You can reduce physical suffering, but what about mental suffering? Would you want everybody to take a drug that will make them perpetually "high"?


What's the end goal of this remark? What's the end goal of learning to farm and produce food even when the weather and pest gods don't bless you this year? What's the end goal of learning to heat your hut instead of dying every winter?


Why can't you cheat death? Excluding accidents and the like.


Because it will utterly end all societal development.

Imagine if fucking Ghengis Khan never had to die.

Or Henry Kissinger.

Or Carnegie

Our system is struggling under the immense weight of old leaders and the best they can do is pump themselves full of weird drug cocktails to have some semblance of being alive. Imagine removing the last roadblock to eternal life for the richest human alive.

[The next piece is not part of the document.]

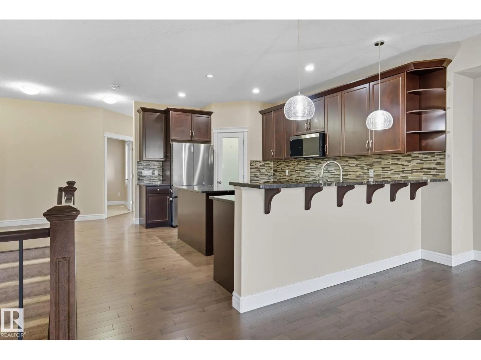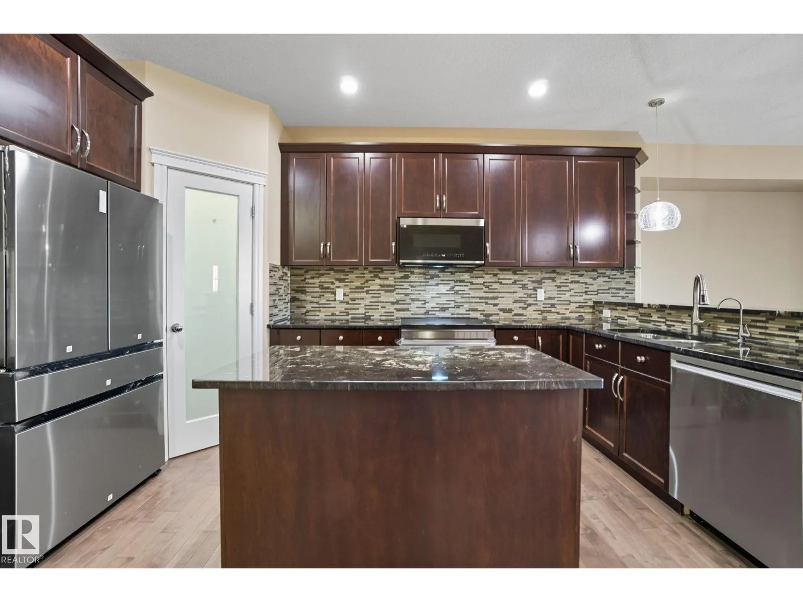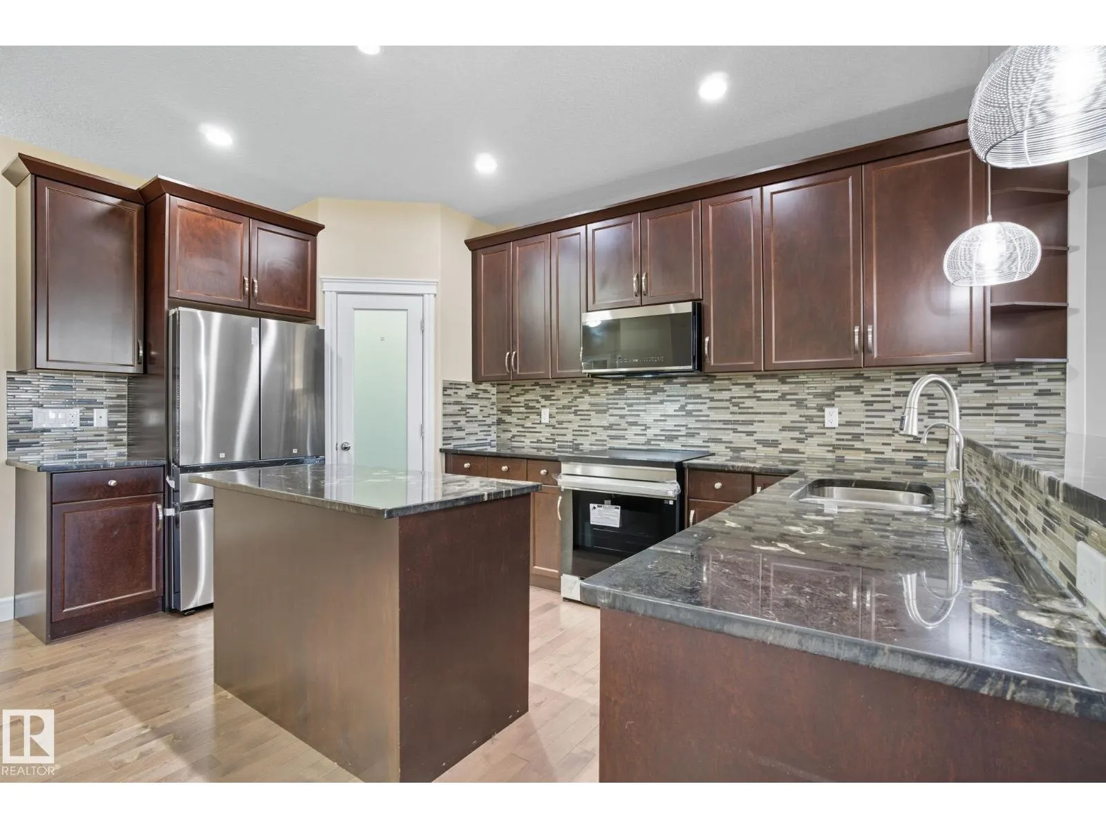 CUSTOM BUILT 2+2 bdm 1600+ sqft EXECUTIVE WALKOUT BUNGALOW w/ TRIPLE CAR garage backing onto beautiful dry pond in prestigious College Woods of Klarvatten. Curb appeal+, driveway+, landscaped, ramp toward entrance. Welcoming foyer leads to open floorplan, gleaming hardwood/tile flooring. Shows like SHOWHOME incl A/C, pot lighting, VIEWS! Gorgeous dark maple island kitchen w/ NEW Top of the line stainless appliances, pantry, decorative backsplash & granite counters! Expansive dining off kitchen leading to good sized cozy living room w/ brick facing gas fireplace overlooking dry pond. Relax on balcony w/ gas BBQ & nature views. Kingsized master bedroom also w/ views, walkin closet, shelving AND jacuzzi spa him/her sink ensuite. 2nd bdm, office, 2nd full bath AND laundry complete main floor. STUNNING WALKOUT basement has 2nd KITCHEN, 2 add'l bdms, bath, storage, dining and living room perfect for longterm family or guests to also enjoy amazing backyard views. Dble level patio, fruit trees, VIEWS! MUST SEE! (id:27476)

People would develop in different ways if they could live to be 1000. It would hardly end societal development. I imagine education would be a bigger deal, since you'd be in less of a hurry to get on with life at 18. Families would be larger as more generations were included, which could create more nurturing and supportive environments for at-risk children. You'd also have fewer trust fund babies living off of the inheritance from a dead relative. And the sheer amount of brainpower and life experience we lose every time a 90 year old dies is depressing; science, technology, and literature could all benefit from people living longer.


Even if you solve for immortality, that wouldn’t mean you will have solved all of the medical ills of humanity.

We might be able to “cheat death” within our lifetimes.


Why does there have to be an end goal? Why cant things just do the thing they do?


This attitude matches how my friends in medicine think. There's a thing causing suffering. Can we get better at preventing our treating it?


What is the purpose of this question? "Yeah sure, we're fixing people's problems that cause pain, suffering, loss of productivity, death, etc, but what is the ultimate goal?"

Sometimes the ends are the means.


I mean... Let's cure cancer and then worry about the end goal.